Bill and hold transaction is important transaction which can inflate the
income of any businessman who sell goods to his customer. So, you
should understand what is this. Bill and hold is that business
transaction in which customer buys goods or service from his vendor.
Seller gets its price and under agreement, he does not deliver the goods
to the customer.
Received amount is also not advance but under bill and hold agreement. For example, Mr. A bought goods from Mr. B Company of $ 10,000. They have agreed Mr. B company will send delivery of $ 10,000 goods to Mr. A in the beginning of next year. Now, This advance $ 10,000 is not liability but it is the revenue of Seller under agreement. Seller can do same bill and hold agreement with other 10 parties and inflate his revenue in his income statement. Buyer will also not show it as asset. But sometime, if both parties wants to show it in financial statement. It will like
Income statement of Vendor $ 10000 as revenue.
Balance sheet of Vendor $ 10,000 as liability of sending goods or service.

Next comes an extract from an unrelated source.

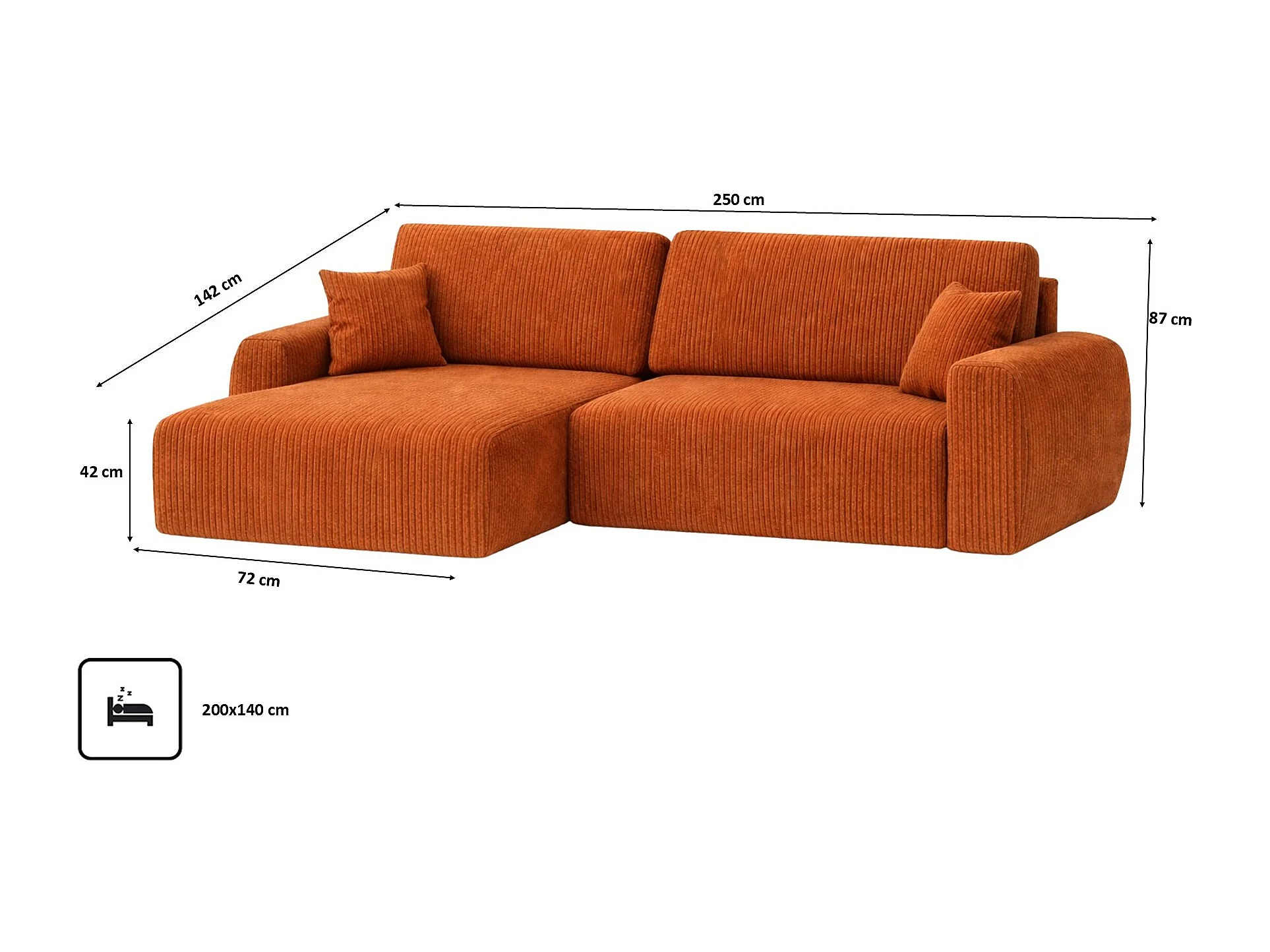 Hoekbank met slaapfunctie en opbergruimte Ariel L, corduroy stof, Poso stof, koper, links

Off-balance sheet of Vendor : $10,000 as asset of stock in hand without delivery which he can use to sell other and inflate his earning upto $ 10,000.
Income statement of Buyer : $ 10,000 as Expense of buying goods or service
Balance sheet of Buyer : $ 10,000 as Asset of Receivable Goods or Service
Practical Example : Nortel Networks Corporation of Canada has done such agreement in the form of vendor and inflate his revenue millions of dollars.